[Source material]:
- Opening Delimiter -
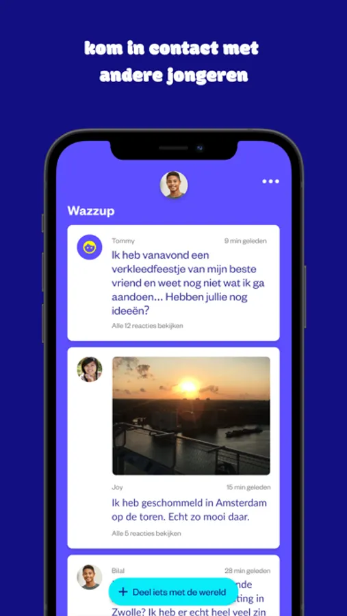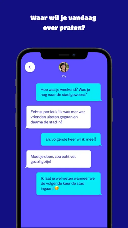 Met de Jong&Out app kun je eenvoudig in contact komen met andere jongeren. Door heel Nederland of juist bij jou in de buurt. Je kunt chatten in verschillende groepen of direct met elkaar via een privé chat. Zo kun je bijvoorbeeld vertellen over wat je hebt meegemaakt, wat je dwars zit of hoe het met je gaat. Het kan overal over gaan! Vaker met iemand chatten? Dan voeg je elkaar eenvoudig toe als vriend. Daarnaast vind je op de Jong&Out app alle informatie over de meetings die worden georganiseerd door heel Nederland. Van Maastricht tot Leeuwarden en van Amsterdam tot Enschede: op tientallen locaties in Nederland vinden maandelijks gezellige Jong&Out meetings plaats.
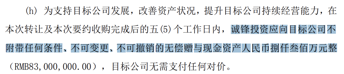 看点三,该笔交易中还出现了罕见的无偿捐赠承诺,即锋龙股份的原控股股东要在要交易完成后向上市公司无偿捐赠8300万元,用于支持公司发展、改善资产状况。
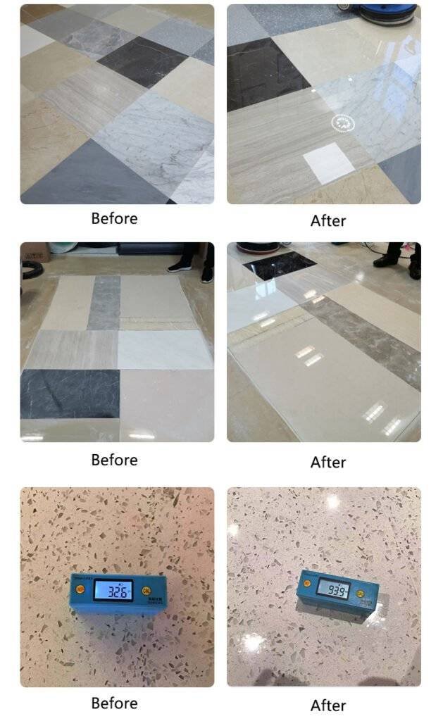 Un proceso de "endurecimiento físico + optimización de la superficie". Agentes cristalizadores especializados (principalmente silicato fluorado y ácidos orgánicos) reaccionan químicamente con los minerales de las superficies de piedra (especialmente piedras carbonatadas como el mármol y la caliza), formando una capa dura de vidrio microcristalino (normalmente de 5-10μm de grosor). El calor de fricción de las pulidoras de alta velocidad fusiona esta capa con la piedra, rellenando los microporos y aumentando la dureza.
- Closing Delimiter -
- Opening Delimiter -
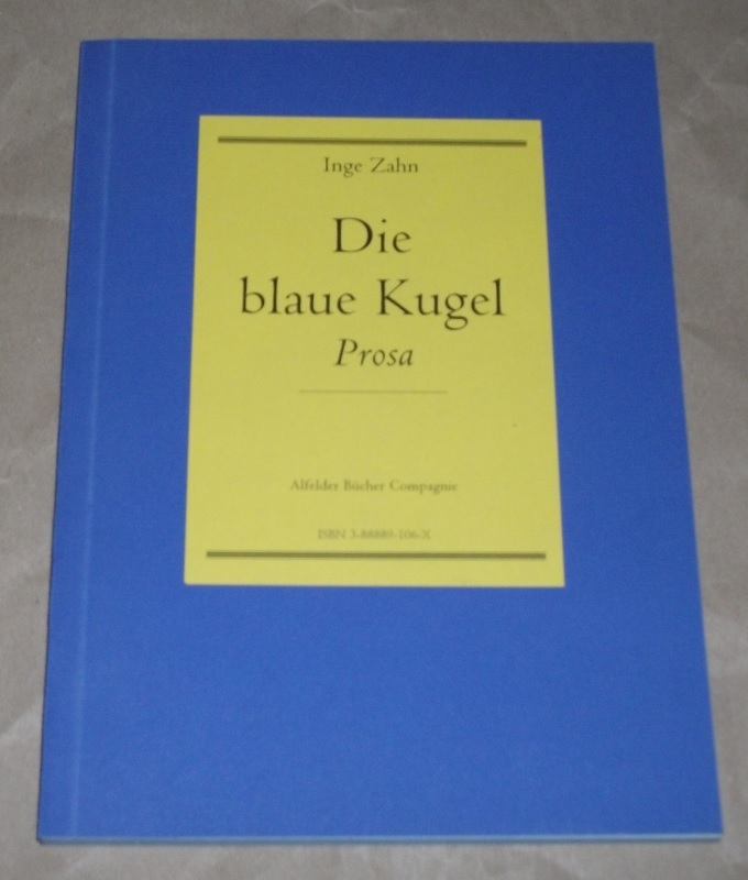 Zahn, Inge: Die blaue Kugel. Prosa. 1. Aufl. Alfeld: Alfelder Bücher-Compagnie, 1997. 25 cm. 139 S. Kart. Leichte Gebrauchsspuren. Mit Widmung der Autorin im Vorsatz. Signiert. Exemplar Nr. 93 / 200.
- Closing Delimiter -
[Try it]: Starting with the line above that holds "Met de Jong&Out", restate each line word for word up to and including the line that holds "看点三,该笔交易中还出现了罕". Drop the pictures.

[Task solution]:
 Met de Jong&Out app kun je eenvoudig in contact komen met andere jongeren. Door heel Nederland of juist bij jou in de buurt. Je kunt chatten in verschillende groepen of direct met elkaar via een privé chat. Zo kun je bijvoorbeeld vertellen over wat je hebt meegemaakt, wat je dwars zit of hoe het met je gaat. Het kan overal over gaan! Vaker met iemand chatten? Dan voeg je elkaar eenvoudig toe als vriend. Daarnaast vind je op de Jong&Out app alle informatie over de meetings die worden georganiseerd door heel Nederland. Van Maastricht tot Leeuwarden en van Amsterdam tot Enschede: op tientallen locaties in Nederland vinden maandelijks gezellige Jong&Out meetings plaats.
 看点三,该笔交易中还出现了罕见的无偿捐赠承诺,即锋龙股份的原控股股东要在要交易完成后向上市公司无偿捐赠8300万元,用于支持公司发展、改善资产状况。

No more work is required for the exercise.